Increased temperature influences iron growth kinetics in the key polar diatom Fragilariopsis cylindrus

Temperature and iron availability are important variables influencing the growth and physiology of marine diatoms - temperature influences enzymatic turnover rates and iron is used as a cofactor in many vital cellular proteins. Current climate change models predict a simultaneous change in both temperature and iron in much of the world’s oceans, yet, pertinent studies on phytoplankton responses to these variables have mainly focused on their individual effects. As a result, we have limited phenomenological and mechanistic understanding of how concurrent changes in temperature and iron influence diatom growth. We designed a multifactorial study where we grew a dominant polar diatom (Fragilariopsis cylindrus) under nine different iron concentrations at 1 °C and 3 °C and 6 °C and measured its growth rate, photophysiology and cell size.
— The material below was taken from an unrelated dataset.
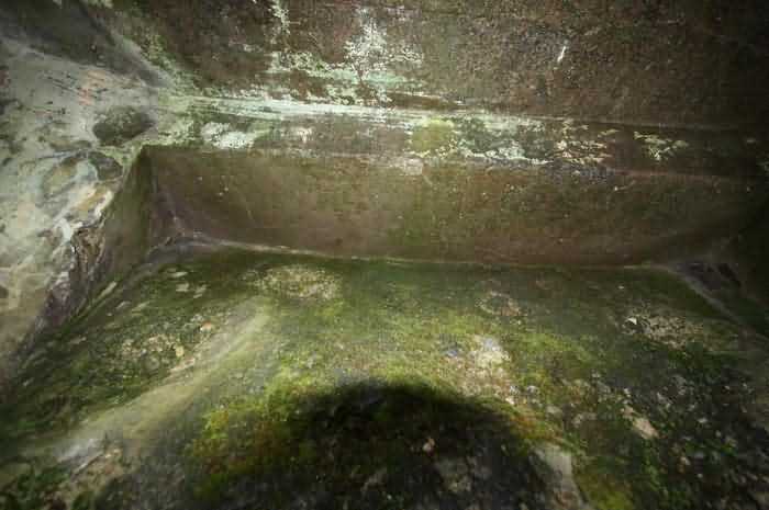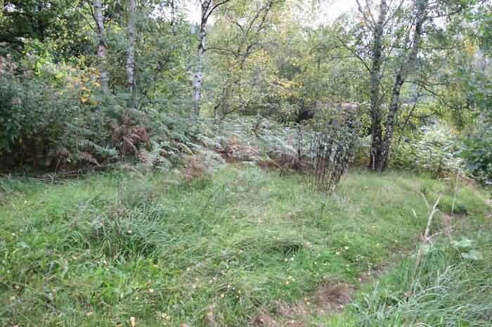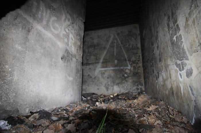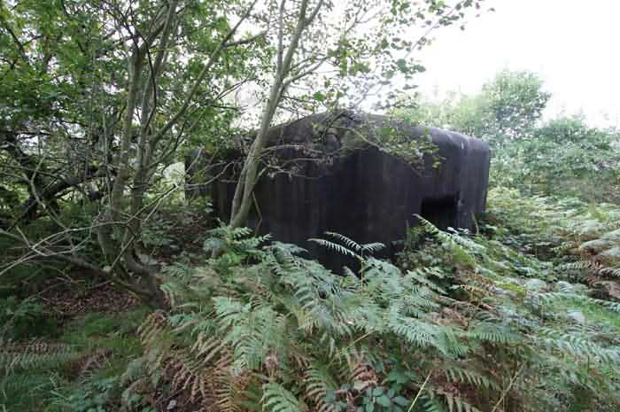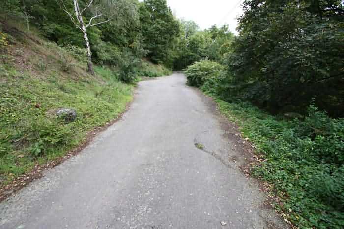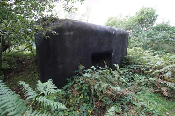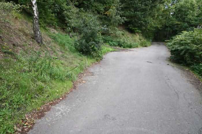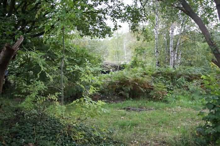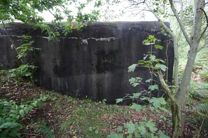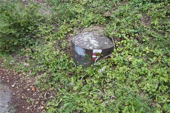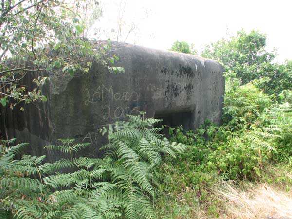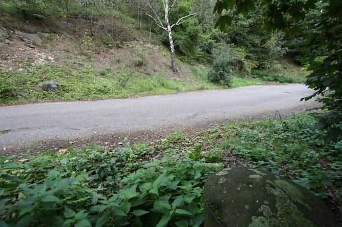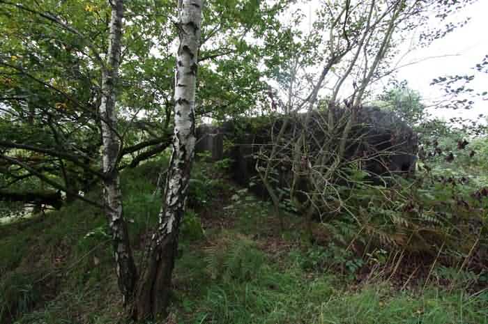 Fortified Position of Liège, second line of resistance, Embourg-Chaudfontaine interval, interval shelters. Interval shelter EC3 is located on the climb towards the fort of Chaudfontaine passing behind the casino. Here too it is an atypical shelter with a single embrasure but this time with only one level. The walled-up entrance has been partially opened but it is hardly inviting. 75 meters before the shelter there are two C-type barrier bases still visible, one on each side of the road, and a recess made in the rock bordering the Chemin de la Lemmeterie. It is actually the garage for the two C-type barriers. Also, a small path, leading towards the air intake, starts between the shelter and the barrier bases. This path is the old relief path for the fort's garrison. © Emile Coenen †

We show that temperature and iron interactively --not independently-- influence growth. Warming decreased the demand for iron, allowing cells to maintain half maximal growth rate at lower iron concentrations. The apparent increase in iron use efficiency with warming was accompanied by an increase in light harvesting cross section, which could allow cells to maintain photosynthesis while lowering photosystem iron demand. Additionally, warming caused a more pronounced reduction in cell size under low iron compared to high iron availability. This may allow smaller cells to uptake iron more efficiently and reduce iron demand per cell. These results suggest that future changes in temperature and iron availability could have important ramifications to marine primary productivity rates and size-dependent ecosystem processes including grazing susceptibility and carbon export.